最初、猫が話し、架空の国で、というので乗れるかどうか心配だった。
が、読み始めてみると、非常に面白かった。
寓話のような形式で話は進んでいく。

ある架空の国がある。
そこは外に向かって塀を立てている、攻めてこられないように。
戦争が始まって、敵の国がやってきた、見たこともない馬に乗って。
治世をきちんとしていた冠人が民衆の目の前で見たこともない鉄砲で殺される。
冠人の息子の酸人は悪人であり全く民衆のことを考えもせず、保身に走る・・・・

一方でこの国にはクーパーの伝説がある。
クーパーとは巨大な杉の木であり、それを倒すために毎年少しずつの人数の男達が狩り出され、クーパー狩りにいっては帰ってこない。
クーパーに液をかけられると透明になってしまう・・・


猫が話す部分、仙台から役所づとめの妻に逃げられた倒れている男の部分、クーパーの物語部分と3つの部分に分かれている。
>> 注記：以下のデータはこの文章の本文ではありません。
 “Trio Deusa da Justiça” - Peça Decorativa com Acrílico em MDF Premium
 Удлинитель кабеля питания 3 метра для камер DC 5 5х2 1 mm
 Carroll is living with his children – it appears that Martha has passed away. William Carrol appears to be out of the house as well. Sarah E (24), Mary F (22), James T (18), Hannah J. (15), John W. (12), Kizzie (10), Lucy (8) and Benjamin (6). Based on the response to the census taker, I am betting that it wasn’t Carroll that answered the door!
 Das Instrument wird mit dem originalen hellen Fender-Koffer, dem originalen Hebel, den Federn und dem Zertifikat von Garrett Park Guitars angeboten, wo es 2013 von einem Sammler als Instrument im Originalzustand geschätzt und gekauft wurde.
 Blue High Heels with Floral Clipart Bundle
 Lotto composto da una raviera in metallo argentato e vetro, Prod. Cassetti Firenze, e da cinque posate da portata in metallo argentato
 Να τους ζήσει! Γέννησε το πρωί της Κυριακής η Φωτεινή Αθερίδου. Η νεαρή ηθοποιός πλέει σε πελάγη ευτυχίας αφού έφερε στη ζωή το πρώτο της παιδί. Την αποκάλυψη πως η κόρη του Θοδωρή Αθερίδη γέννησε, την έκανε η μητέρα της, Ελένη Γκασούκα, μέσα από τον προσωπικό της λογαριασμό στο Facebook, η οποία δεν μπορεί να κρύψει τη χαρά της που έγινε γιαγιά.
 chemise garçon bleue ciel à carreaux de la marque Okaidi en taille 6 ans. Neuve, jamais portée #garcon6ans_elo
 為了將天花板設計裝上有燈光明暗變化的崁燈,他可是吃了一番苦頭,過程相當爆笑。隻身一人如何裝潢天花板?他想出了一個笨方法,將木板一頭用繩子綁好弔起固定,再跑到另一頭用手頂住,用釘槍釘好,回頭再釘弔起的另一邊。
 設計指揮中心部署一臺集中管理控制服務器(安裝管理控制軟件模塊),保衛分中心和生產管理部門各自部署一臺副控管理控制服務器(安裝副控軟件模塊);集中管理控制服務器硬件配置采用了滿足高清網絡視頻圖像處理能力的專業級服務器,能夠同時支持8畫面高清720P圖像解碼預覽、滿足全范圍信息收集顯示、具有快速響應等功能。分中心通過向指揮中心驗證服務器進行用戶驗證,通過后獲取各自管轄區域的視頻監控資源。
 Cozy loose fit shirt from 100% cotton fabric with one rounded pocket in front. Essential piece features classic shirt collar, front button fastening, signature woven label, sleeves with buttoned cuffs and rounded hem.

この物語が面白いのは、こんな形なのにミステリになっているということだ。
伏線があちこちにあって、それが最後のところで見事に回収されていた。

以下ネタバレ
・この国と外の国が同じ大きさの円、というのは最初に猫が語る。
しかしこれは嘘であり、この国は街のような小さな国である。
そして戦争と言うよりも既に外の国の属国のようになっている(というのを皆は知らないが、統治者は知っている)

・クーパー狩りに行っていた複眼隊長こそが、この国に最初に入り込んできた敵陣の一人だった。
敵陣と言う形をとって、今までクーパー狩りと称して連れて行った人間を町に戻したのだった。

・最後に人間の大きさが書かれているところに驚いた。
この話の最初の方から読んでいくと、人間は猫より大きいので普通の人間と思っていると
巨大な人間だということがわかる。
あちらが小さいのか。
こちらが大きいのか。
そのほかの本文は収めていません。